I sling the door open and it’s Fletcher, in pajamas of all things—plaid pajamas and a white T-shirt that fits snug around his arms and his chest, which is violently rising and falling as he catches his breath.

“Fletcher.” I look behind him, like Lennon and Stephan would magically appear, too, but it’s just him and me in the small space. “What are you—”

The world dissolves the moment his lips meet mine. There's no hesitation, no waiting, he’s just there. It's as if he's been waiting an eternity for this single moment, like our past kisses have been erased and he needs nothing more than to write them all back down. His lips—soft yet insistent—mold against mine, a perfect fit I know I’ll never stop craving. His hands—gentle and sweet and a touch possessive—weave through my hair, sending shivers down my spine as he tilts my head back slightly, deepening the kiss. The solid warmth of his chest presses against me, grounding me in a reality that suddenly feels heightened and exhilarating.

Fletcher kisses like he’s crawled through the desert—parched and desperate—and I’m the first drink of water he’s found. Every touch, every movement, is imbued with this raw, primal need.He kisses me like it’s the sole mission on his mind—a desperate, life-sustaining act. And, in this moment, lost in the intoxicating swirl of sensation, I think it might be. Everything else fades away. The open door of my apartment that he has propped open, the gasp of Miss Gonzales as she rushes back into her own home. The draft I feel on my exposed back as Fletcher’s hand raises up my sweater. It all goes somewhere in the distance, leaving only the frantic rhythm of our hearts and the electric connection that surges between us. It's a kiss that promises everything and demands nothing, one that leaves me breathless and wanting more.

“That book.” He pulls back just enough to look me in the eyes. His glasses are gone, like he has vanished them into thin air, and I cannot stress enough just how wild and out of breath he looks. “Do you remember that one part where he shows her just how nice enthusiasm is?”

I shake my head, leaning closer. My lips brush back and forth against his, like I’m testing the weight of them.

“No.” I plant one more long kiss on the corner of his lips and smile against him. “Remind me?”

And he does. He reminds me with a gentle and firm press of his lips on mine. He does with teeth against my collar bone and sweet kisses along my throat. He tells me the story with his hands, roaming my waist up to my hair. He reminds me of it all when he pulls me so close that I don’t know where he ends and I begin, when he looks me in the eyes and whispers up against my skin.

“I hate that someone out there has had you in ways that I haven’t. I know that’s ridiculous and unfair and selfish and yet, I still feel that way.”

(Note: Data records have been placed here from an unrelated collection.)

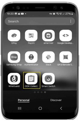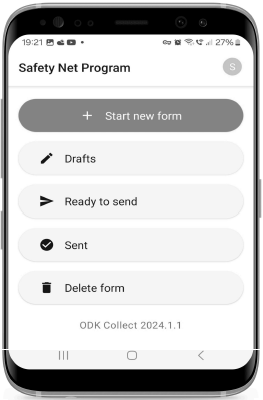 Taps the ODK Collect App in his/her mobile. The configured program form is displayed. Initially a program form is in draft mode.
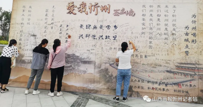 “走遍千山萬(wàn)水,還是忻州最美”“來(lái)了忻州就是忻州人,來(lái)過(guò)忻州就是忻州人”“愛(ài)國(guó)當(dāng)愛(ài)家鄉(xiāng) 興邦先興故里”……墻上的一句句充滿情感、生動(dòng)質(zhì)樸的語(yǔ)言,寫滿了對(duì)祖國(guó)、對(duì)家鄉(xiāng)的濃濃熱愛(ài),引起了過(guò)往游客路人的深深共鳴。游人們有的在這些文字旁簽名,有的合影留念,有的文思泉涌寫下一條條深情寄語(yǔ),盡情表達(dá)著對(duì)忻州發(fā)展的美好祝福和共建全國(guó)文明城市的堅(jiān)定信心。
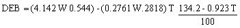 donde: T es la temperatura ambiente media mensual en °C y W es el peso fresco del ave en gramos; en este caso se emplearon los pesos promedios de aves capturadas durante los censos (Cuadro 1).
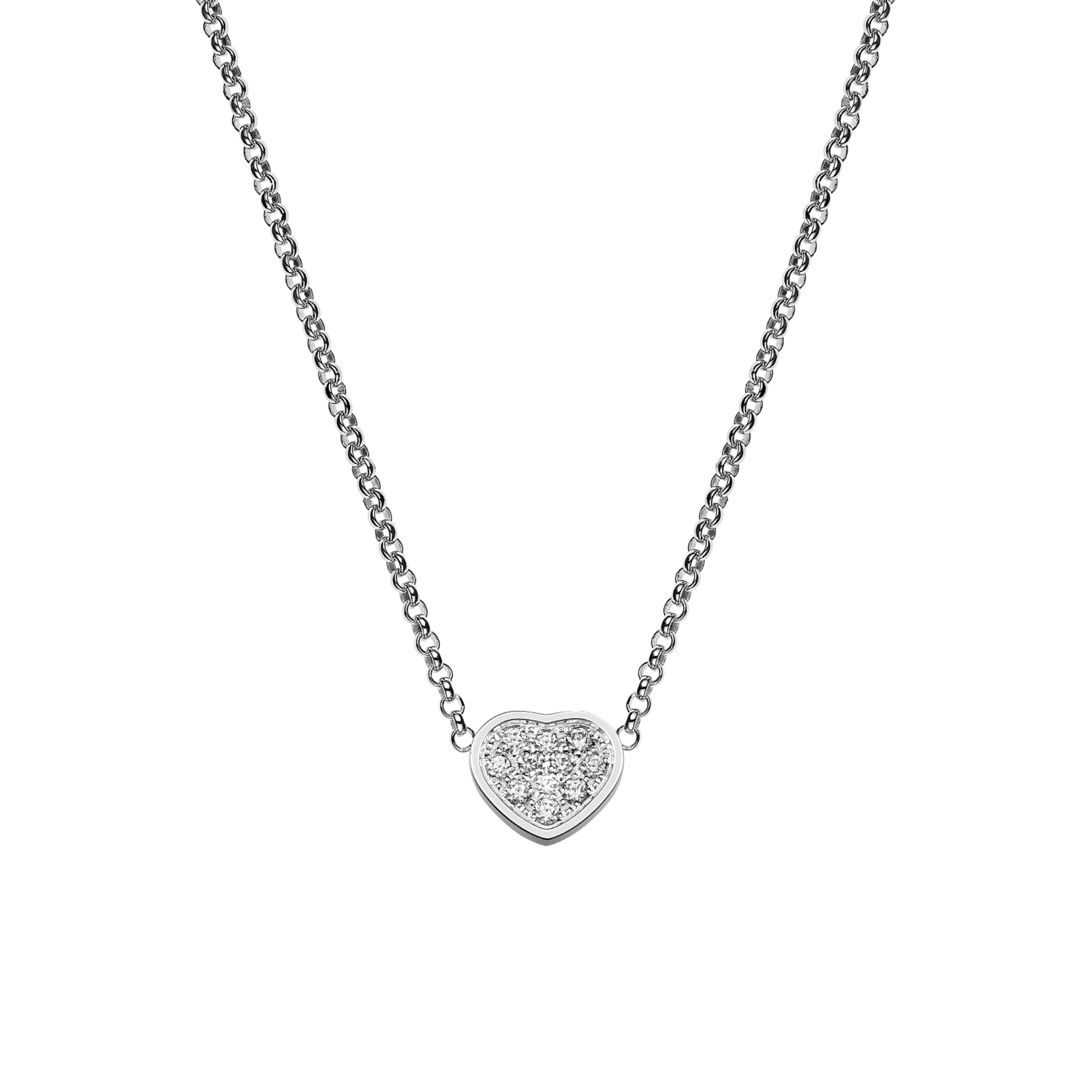 Die Chopard My Happy Hearts Halskette mit der Referenznummer 81A086-1901 ist ein elegantes Schmuckstück aus 18-karätigem Weißgold, verziert mit Diamanten. Hier sind einige Details über diese Halskette:
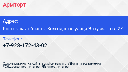 Армторт по адресу Ростовская область, Волгодонск, улица Энтузиастов, 27 в дальнейшем Организация, размещена в следующих категориях:
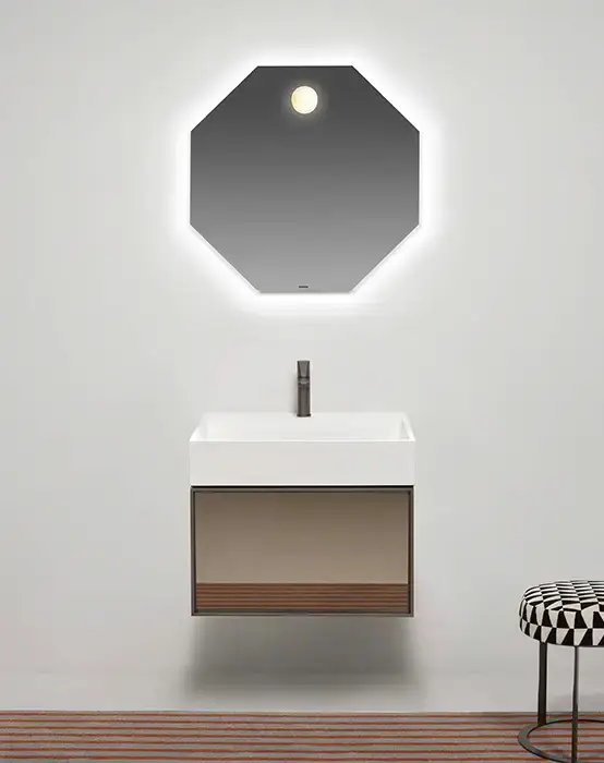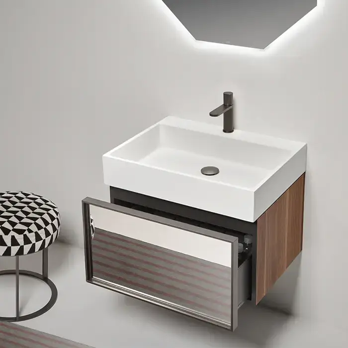 Antonio Lupi Gesto Комплект подвесной мебели 63х50хh50см, с раковиной, с 1 ящиком с зеркальным фасадом, цвет: Noce canaletto/vetro argentato bronzo
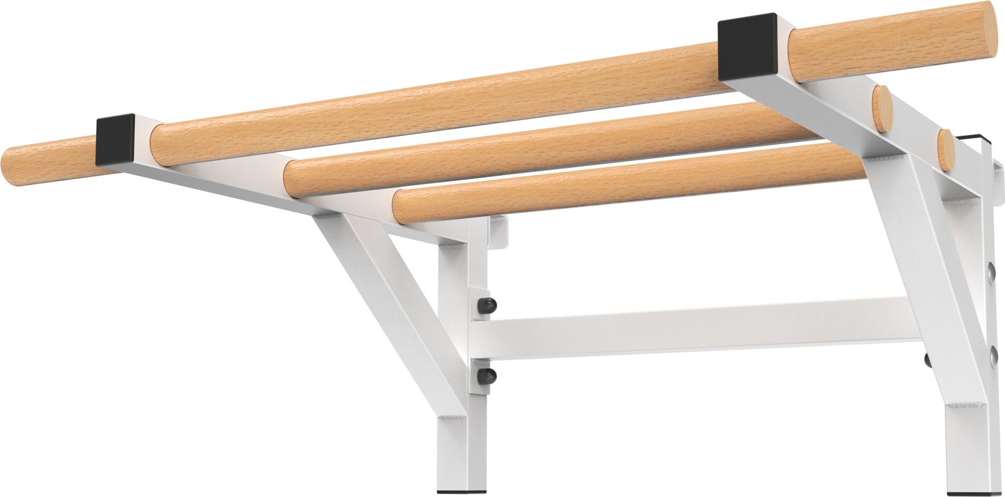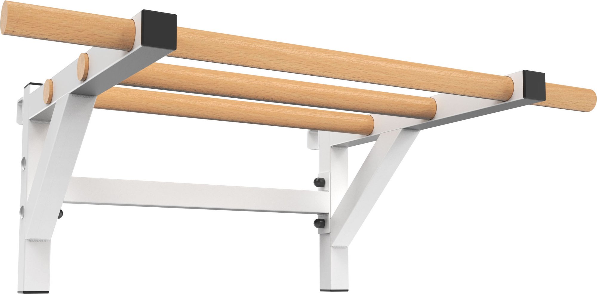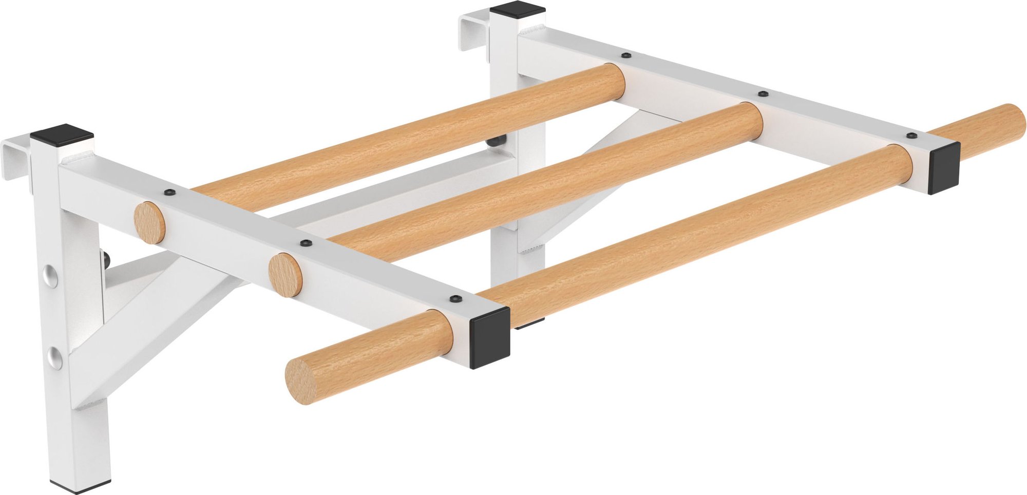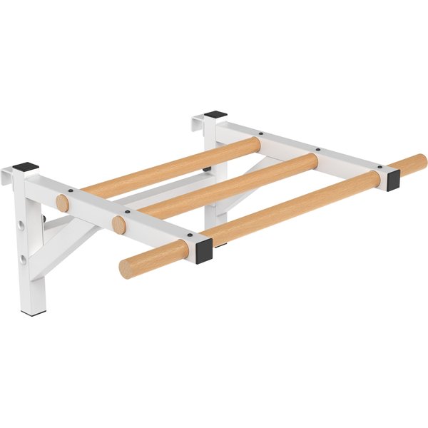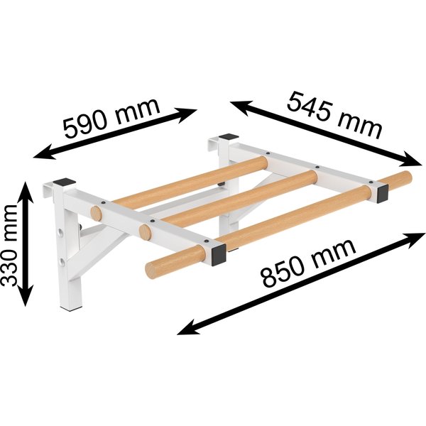 Drążek do drabinek Endorfit to wyjątkowy element wyposażenia domowej siłowni, łączący trwałość z estetyką. Dzięki zastosowaniu wysokiej jakości stali, całość charakteryzuje się niezwykłą wytrzymałością i odpornością na korozję, co gwarantuje bezpieczeństwo podczas intensywnych treningów. Drewniane drążki, wykonane z bukowego drewna, zostały starannie olejowane, co zapewnia wygodny chwyt oraz ochronę przed wysychaniem i zabrudzeniami. Konstrukcja metalowa, wsparta wzmocnieniami bocznymi i czterema mocowaniami ściennymi, stabilnie się trzyma, umożliwiając bezpieczny montaż na ścianie. Produkt ten, stworzony z polskich surowców, łączy funkcjonalność z eleganckim designem.
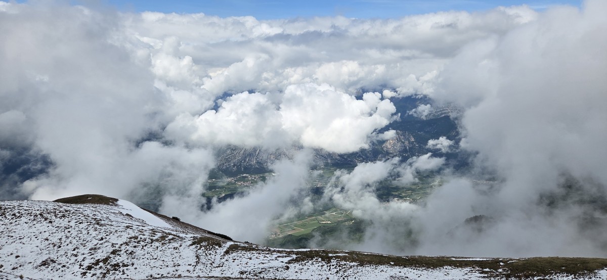 Poszliśmy sobie jednego dnia na ferrate. Było mokro, padał deszcz i przez to nie było jakichś rewelacyjnych widoków, ale można było przejść przez bunkier w środku góry, było dużo śniegu i spomiędzy chmur prześwitywały czasem widoczki.
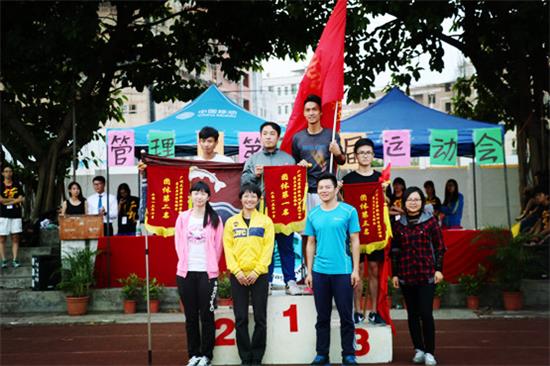经过激烈的比赛,由13联队和14企管1并列荣获第一,15国物2和14市营1分别荣获第二,三名。道德风尚奖则由15人力2班和 15国物1班获得。运动健儿们,绿茵场上是你挥洒青春的舞台,红色的跑道是你书写青春的卷章。
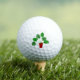 This awesome golf ball features a digital art image of a series of leaves from a houseplant called a Monstera, also known as the Swiss Cheese Plant. The leaves are dark green and lobed and some have holes in them. The plant pot is red and contains some brown soil.
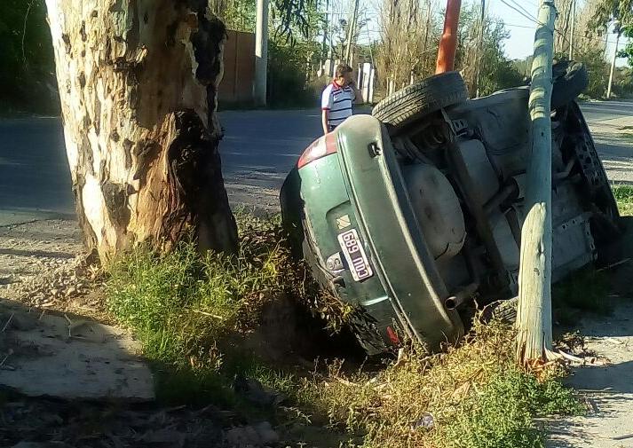 Un espectacular accidente se produjo en la mañana de este lunes en Rawson. Un automovilista chocó a otro y terminó dando varios tumbos e impactando contra un árbol y un poste de la luz.
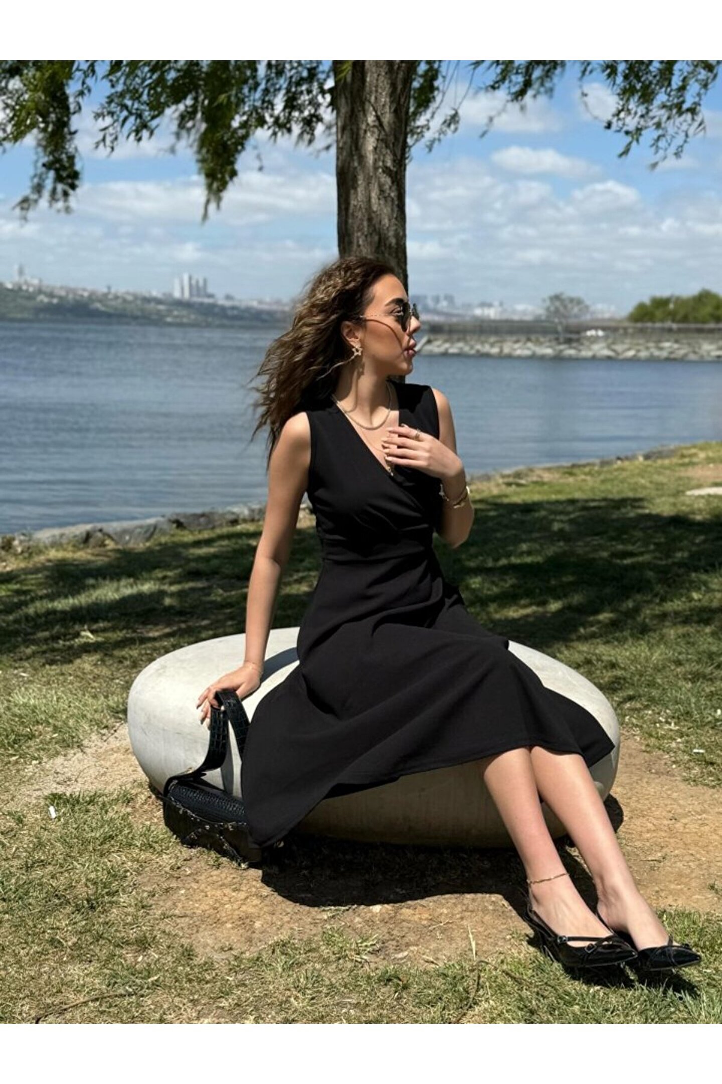 munn collection Kadın Ithal Krep Kumaş Kruvaze Yaka Eteği Kloş Kolsuz Mini Elbise

“If it helps,” I trail my nails along his neckline, satisfaction running through my veins with every goosebump in my touch's wake, “you’ve had me in ways that he never has.”

The craziest part is, it’s true. Austin had me in the way you carry a last resort blanket in your car—as a backup, use in case of emergencies, kind of way. Losing him hurt, but mostly because losing him meant losing a part of myself rooted in childhood memories.

But, if I lost Fletcher now, it feels like the entire world around me would crumble to pieces. Not because I would be without Lennon or their friends, and not just for the fact that I’d be lonely. But, because if I lost Fletcher now, I think I’d lose all of me. Not just the young Flora, but this one too, and every version in between.

In every piece of myself, he’s there. Every corner I go to, he follows. Wherever I am, there he is, too.

Fletcher shakes his head against me, his lips caressing back and forth, slow and gentle. “You consume me. In everything I do. Every sound, every song, everything around me always comes back to you. Every silence in my life screams for your name. And when the silence dulls into my own perception, it’s still you. You’re the narrator of all my thoughts; everywhere I go, it’s you on my mind.”